** WHAT THE EXERCISE ASKS **
If a record holds a picture, please leave the picture out and copy the rest of the record exactly.

** DATASET RECORDS **
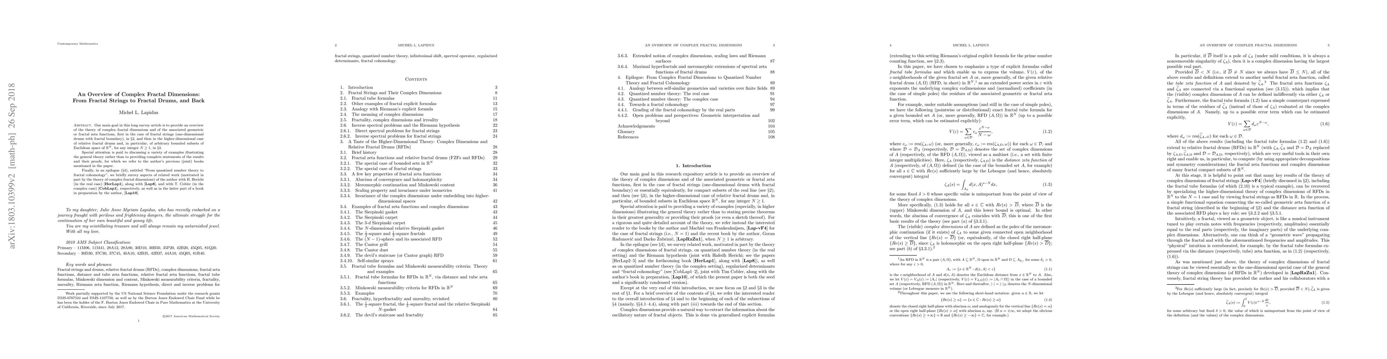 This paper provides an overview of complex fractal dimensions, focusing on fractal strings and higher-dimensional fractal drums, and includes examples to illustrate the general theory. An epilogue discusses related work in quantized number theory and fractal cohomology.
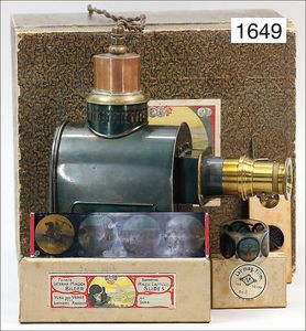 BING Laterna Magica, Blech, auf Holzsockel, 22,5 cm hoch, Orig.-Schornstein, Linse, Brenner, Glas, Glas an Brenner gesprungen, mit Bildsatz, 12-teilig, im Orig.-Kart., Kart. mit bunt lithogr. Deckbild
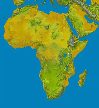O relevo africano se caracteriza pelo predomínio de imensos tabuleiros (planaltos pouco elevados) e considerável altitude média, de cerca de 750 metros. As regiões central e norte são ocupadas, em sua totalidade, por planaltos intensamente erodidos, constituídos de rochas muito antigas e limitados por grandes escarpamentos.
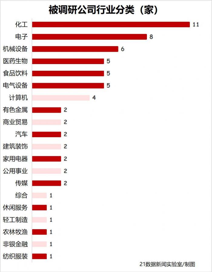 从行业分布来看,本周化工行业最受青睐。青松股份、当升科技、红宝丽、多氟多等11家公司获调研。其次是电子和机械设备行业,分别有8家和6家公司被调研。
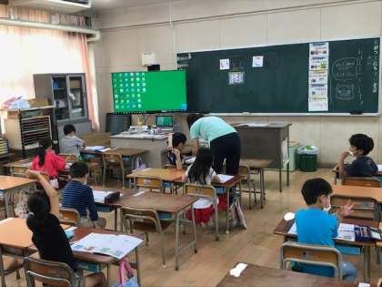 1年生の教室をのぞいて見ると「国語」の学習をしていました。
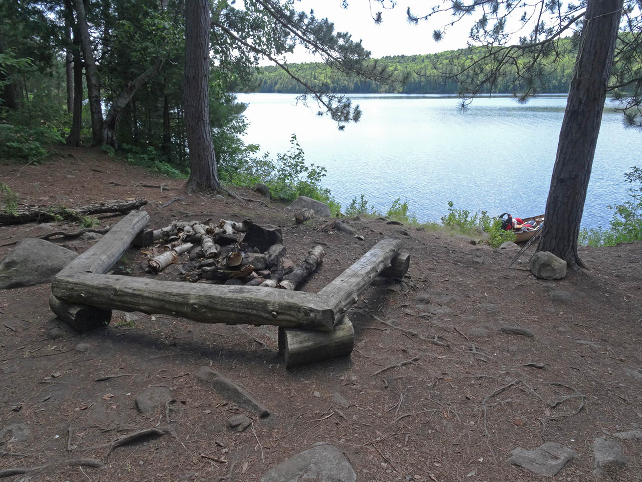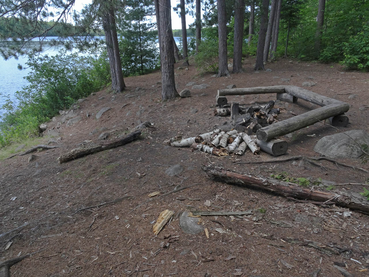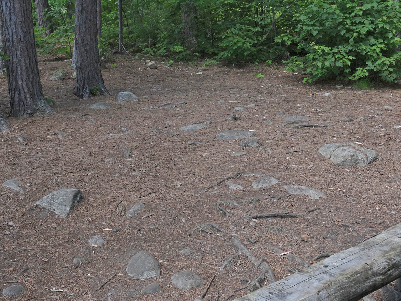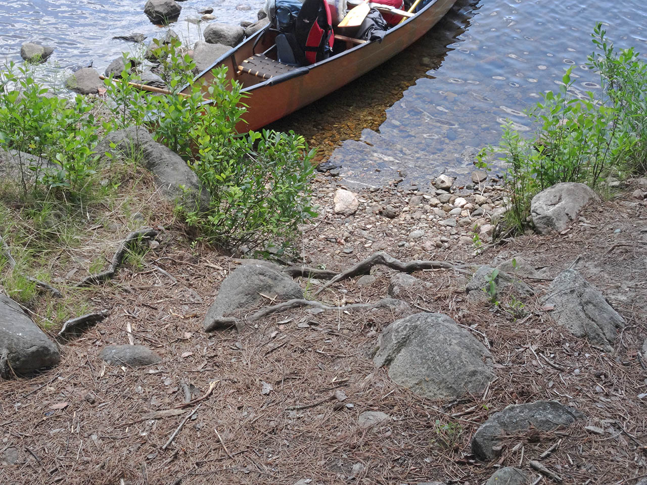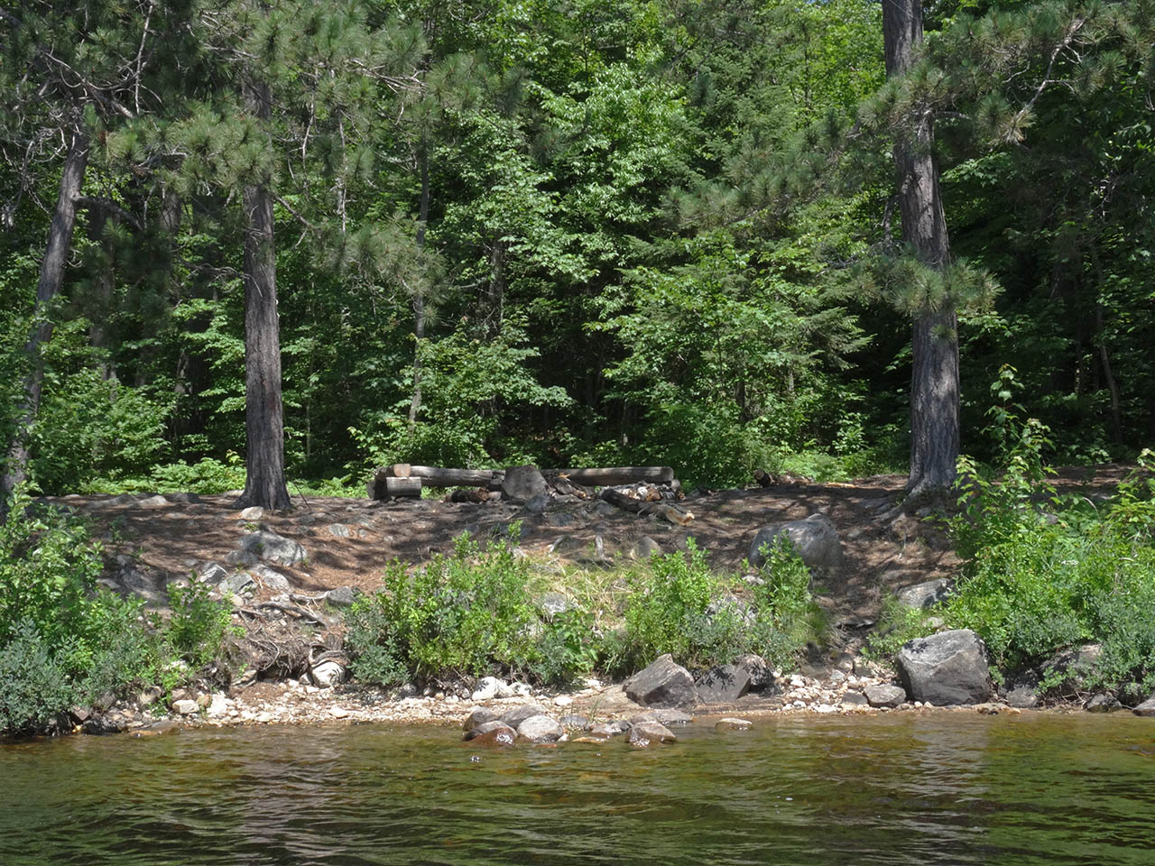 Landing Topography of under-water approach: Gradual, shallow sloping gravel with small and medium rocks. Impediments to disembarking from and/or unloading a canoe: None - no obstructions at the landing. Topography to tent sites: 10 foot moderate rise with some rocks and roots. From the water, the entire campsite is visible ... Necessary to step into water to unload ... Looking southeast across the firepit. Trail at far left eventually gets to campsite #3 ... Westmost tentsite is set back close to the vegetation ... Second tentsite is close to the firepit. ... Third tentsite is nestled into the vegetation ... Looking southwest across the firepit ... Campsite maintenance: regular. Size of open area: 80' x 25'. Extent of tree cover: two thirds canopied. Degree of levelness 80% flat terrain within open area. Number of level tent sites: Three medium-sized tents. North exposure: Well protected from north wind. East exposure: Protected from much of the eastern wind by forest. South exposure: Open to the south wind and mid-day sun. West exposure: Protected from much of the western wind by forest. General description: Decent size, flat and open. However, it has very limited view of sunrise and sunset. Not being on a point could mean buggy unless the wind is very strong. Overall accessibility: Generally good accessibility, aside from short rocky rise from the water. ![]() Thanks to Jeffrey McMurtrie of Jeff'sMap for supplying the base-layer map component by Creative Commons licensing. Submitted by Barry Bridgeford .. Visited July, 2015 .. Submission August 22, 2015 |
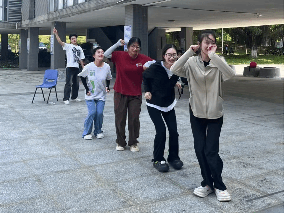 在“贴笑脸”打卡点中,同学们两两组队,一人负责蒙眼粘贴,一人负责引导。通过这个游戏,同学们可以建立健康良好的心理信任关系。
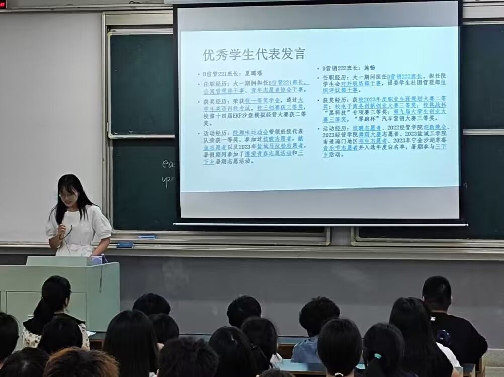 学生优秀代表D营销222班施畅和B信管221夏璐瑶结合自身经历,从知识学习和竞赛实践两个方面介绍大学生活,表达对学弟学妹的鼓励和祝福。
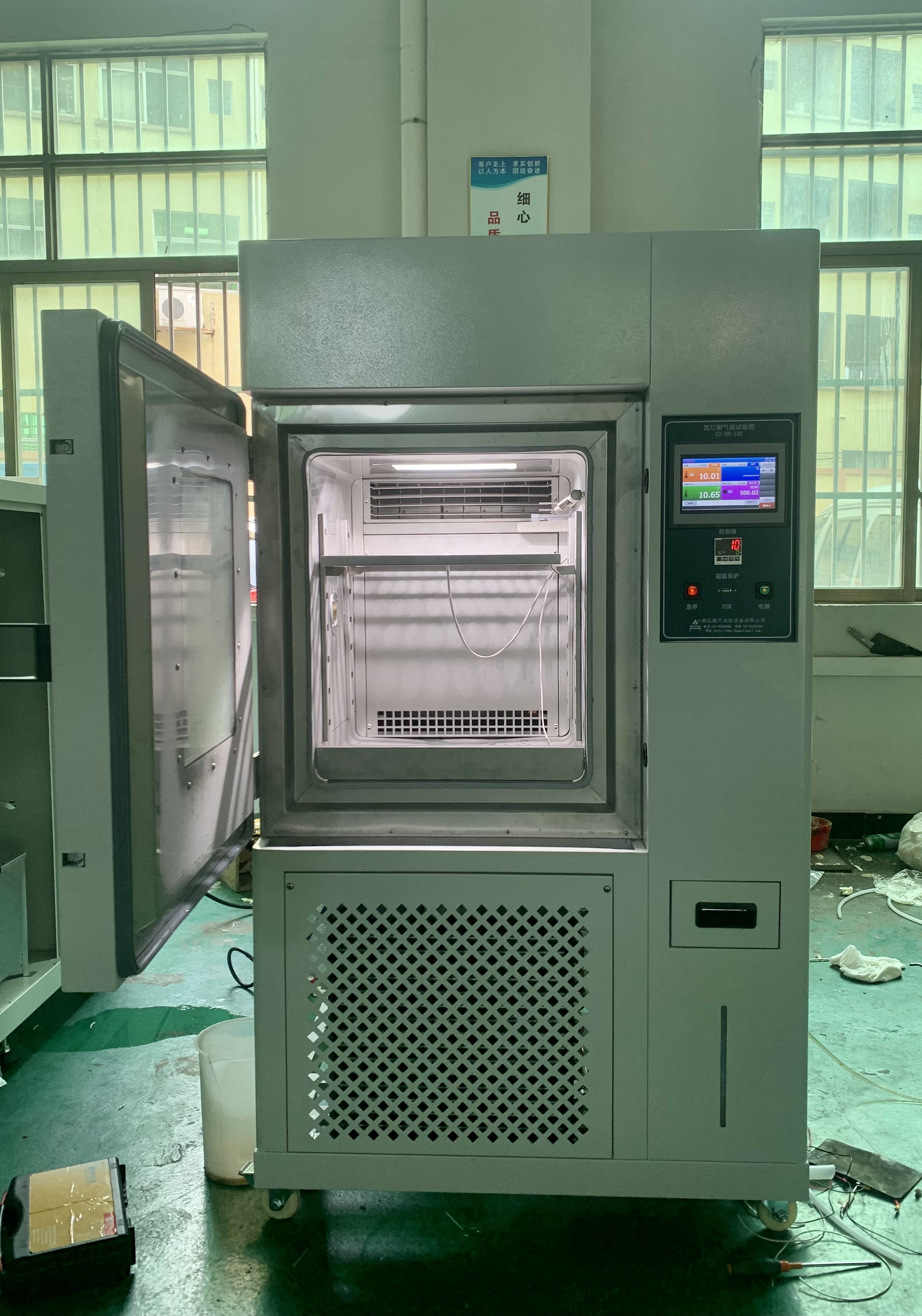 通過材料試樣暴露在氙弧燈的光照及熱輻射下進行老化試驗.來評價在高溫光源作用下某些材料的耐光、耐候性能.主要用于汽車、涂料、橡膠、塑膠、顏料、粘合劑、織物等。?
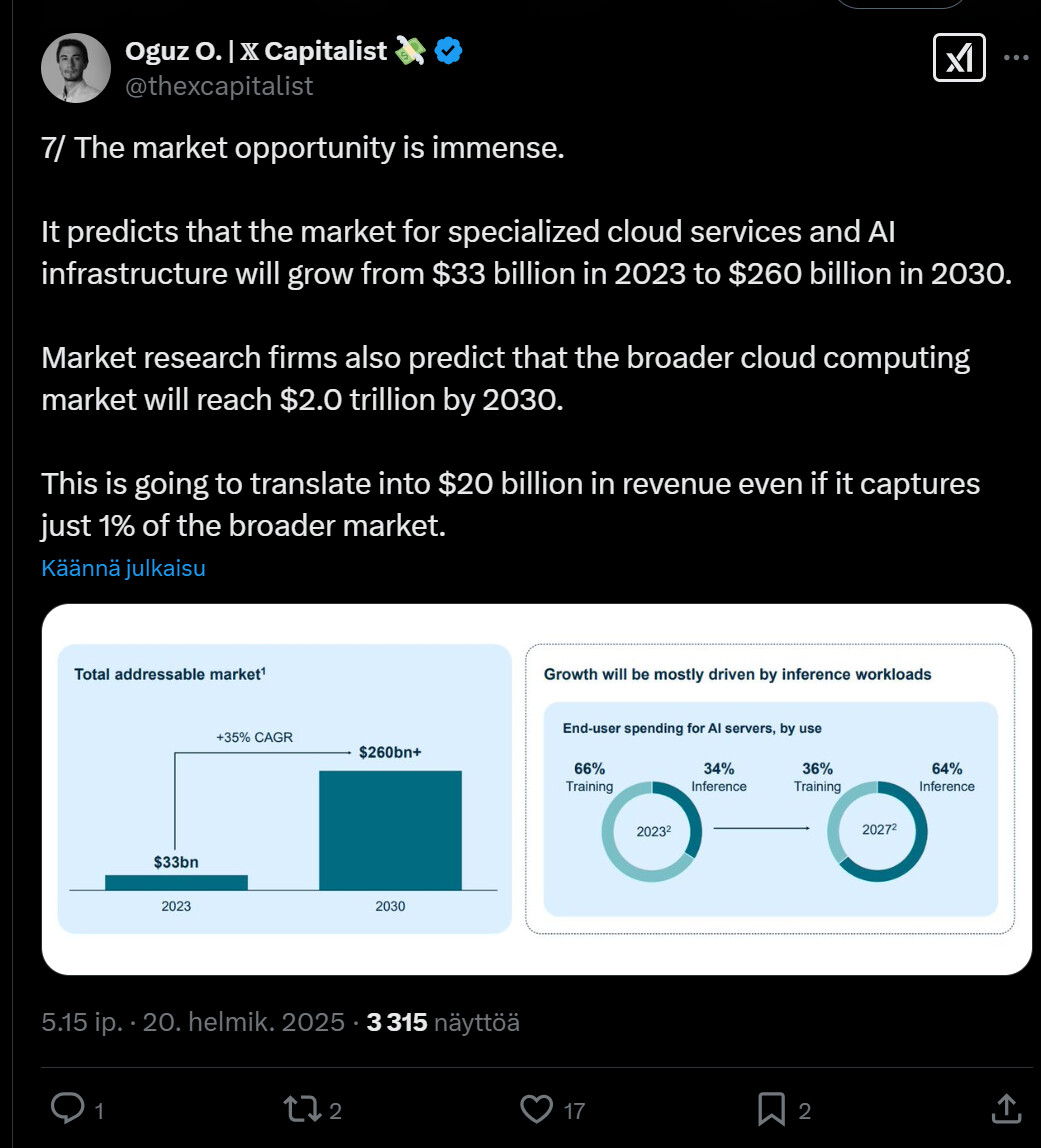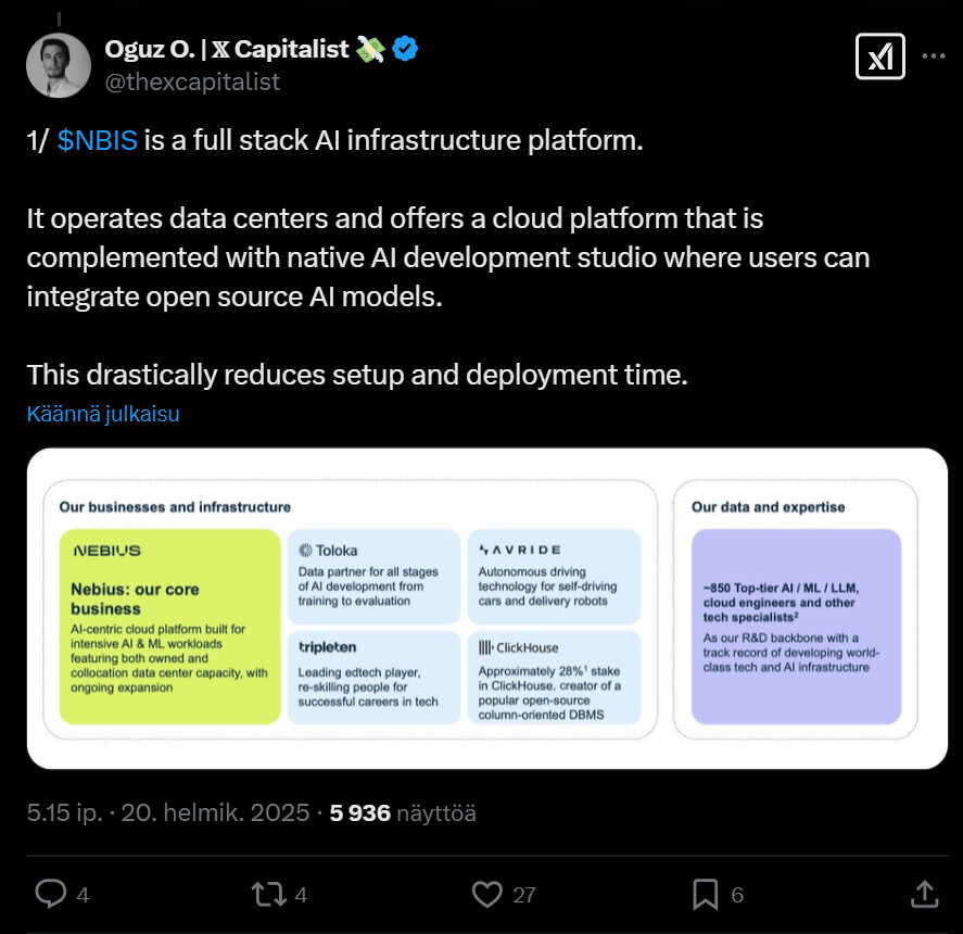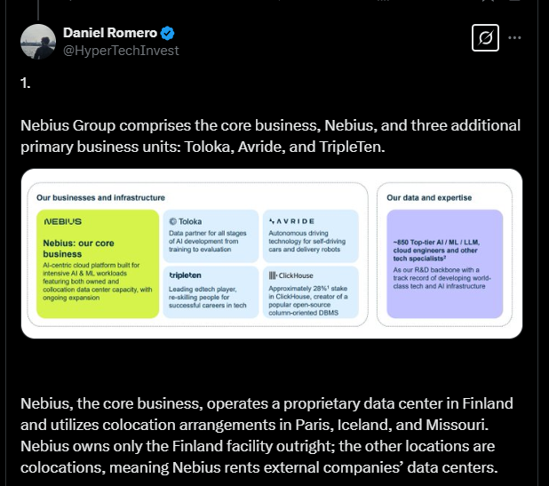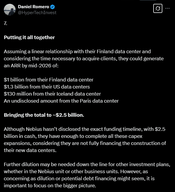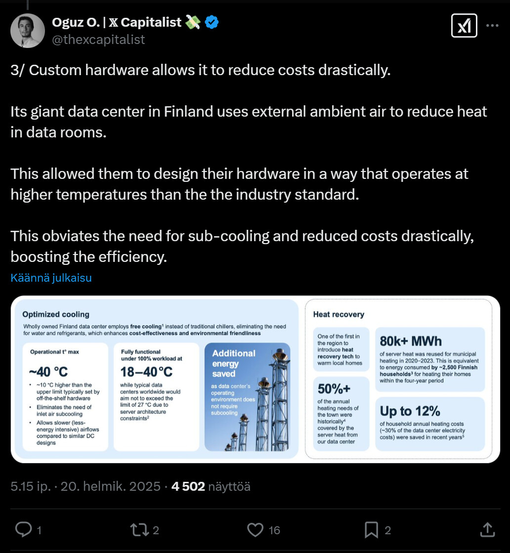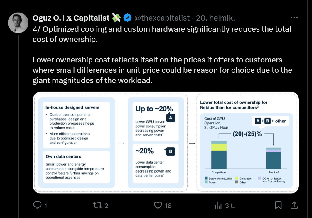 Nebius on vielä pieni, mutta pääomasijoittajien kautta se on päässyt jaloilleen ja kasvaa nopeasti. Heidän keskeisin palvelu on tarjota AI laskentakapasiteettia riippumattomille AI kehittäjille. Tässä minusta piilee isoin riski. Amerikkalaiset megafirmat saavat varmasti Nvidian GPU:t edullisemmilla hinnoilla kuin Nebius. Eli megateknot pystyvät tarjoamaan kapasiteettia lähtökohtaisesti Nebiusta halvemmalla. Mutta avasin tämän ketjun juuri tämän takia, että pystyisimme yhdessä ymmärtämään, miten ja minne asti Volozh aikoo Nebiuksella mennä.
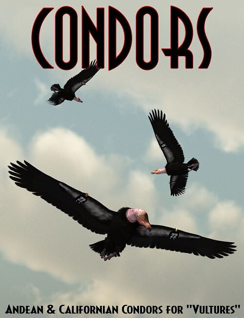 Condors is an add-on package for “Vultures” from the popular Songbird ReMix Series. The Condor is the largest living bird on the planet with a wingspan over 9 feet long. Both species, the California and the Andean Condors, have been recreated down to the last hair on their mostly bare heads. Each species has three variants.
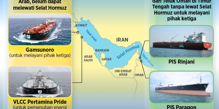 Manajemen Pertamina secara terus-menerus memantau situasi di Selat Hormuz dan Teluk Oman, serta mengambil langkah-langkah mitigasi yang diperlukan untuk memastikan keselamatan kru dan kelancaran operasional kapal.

** TASK OUTPUT **
 This paper provides an overview of complex fractal dimensions, focusing on fractal strings and higher-dimensional fractal drums, and includes examples to illustrate the general theory. An epilogue discusses related work in quantized number theory and fractal cohomology.
 BING Laterna Magica, Blech, auf Holzsockel, 22,5 cm hoch, Orig.-Schornstein, Linse, Brenner, Glas, Glas an Brenner gesprungen, mit Bildsatz, 12-teilig, im Orig.-Kart., Kart. mit bunt lithogr. Deckbild
O relevo africano se caracteriza pelo predomínio de imensos tabuleiros (planaltos pouco elevados) e considerável altitude média, de cerca de 750 metros. As regiões central e norte são ocupadas, em sua totalidade, por planaltos intensamente erodidos, constituídos de rochas muito antigas e limitados por grandes escarpamentos.
 从行业分布来看,本周化工行业最受青睐。青松股份、当升科技、红宝丽、多氟多等11家公司获调研。其次是电子和机械设备行业,分别有8家和6家公司被调研。
 1年生の教室をのぞいて見ると「国語」の学習をしていました。
 Landing Topography of under-water approach: Gradual, shallow sloping gravel with small and medium rocks. Impediments to disembarking from and/or unloading a canoe: None - no obstructions at the landing. Topography to tent sites: 10 foot moderate rise with some rocks and roots. From the water, the entire campsite is visible ... Necessary to step into water to unload ... Looking southeast across the firepit. Trail at far left eventually gets to campsite #3 ... Westmost tentsite is set back close to the vegetation ... Second tentsite is close to the firepit. ... Third tentsite is nestled into the vegetation ... Looking southwest across the firepit ... Campsite maintenance: regular. Size of open area: 80' x 25'. Extent of tree cover: two thirds canopied. Degree of levelness 80% flat terrain within open area. Number of level tent sites: Three medium-sized tents. North exposure: Well protected from north wind. East exposure: Protected from much of the eastern wind by forest. South exposure: Open to the south wind and mid-day sun. West exposure: Protected from much of the western wind by forest. General description: Decent size, flat and open. However, it has very limited view of sunrise and sunset. Not being on a point could mean buggy unless the wind is very strong. Overall accessibility: Generally good accessibility, aside from short rocky rise from the water. ![]() Thanks to Jeffrey McMurtrie of Jeff'sMap for supplying the base-layer map component by Creative Commons licensing. Submitted by Barry Bridgeford .. Visited July, 2015 .. Submission August 22, 2015 |
 在“贴笑脸”打卡点中,同学们两两组队,一人负责蒙眼粘贴,一人负责引导。通过这个游戏,同学们可以建立健康良好的心理信任关系。
 学生优秀代表D营销222班施畅和B信管221夏璐瑶结合自身经历,从知识学习和竞赛实践两个方面介绍大学生活,表达对学弟学妹的鼓励和祝福。
 通過材料試樣暴露在氙弧燈的光照及熱輻射下進行老化試驗.來評價在高溫光源作用下某些材料的耐光、耐候性能.主要用于汽車、涂料、橡膠、塑膠、顏料、粘合劑、織物等。?
 Nebius on vielä pieni, mutta pääomasijoittajien kautta se on päässyt jaloilleen ja kasvaa nopeasti. Heidän keskeisin palvelu on tarjota AI laskentakapasiteettia riippumattomille AI kehittäjille. Tässä minusta piilee isoin riski. Amerikkalaiset megafirmat saavat varmasti Nvidian GPU:t edullisemmilla hinnoilla kuin Nebius. Eli megateknot pystyvät tarjoamaan kapasiteettia lähtökohtaisesti Nebiusta halvemmalla. Mutta avasin tämän ketjun juuri tämän takia, että pystyisimme yhdessä ymmärtämään, miten ja minne asti Volozh aikoo Nebiuksella mennä.
 Condors is an add-on package for “Vultures” from the popular Songbird ReMix Series. The Condor is the largest living bird on the planet with a wingspan over 9 feet long. Both species, the California and the Andean Condors, have been recreated down to the last hair on their mostly bare heads. Each species has three variants.
 Manajemen Pertamina secara terus-menerus memantau situasi di Selat Hormuz dan Teluk Oman, serta mengambil langkah-langkah mitigasi yang diperlukan untuk memastikan keselamatan kru dan kelancaran operasional kapal.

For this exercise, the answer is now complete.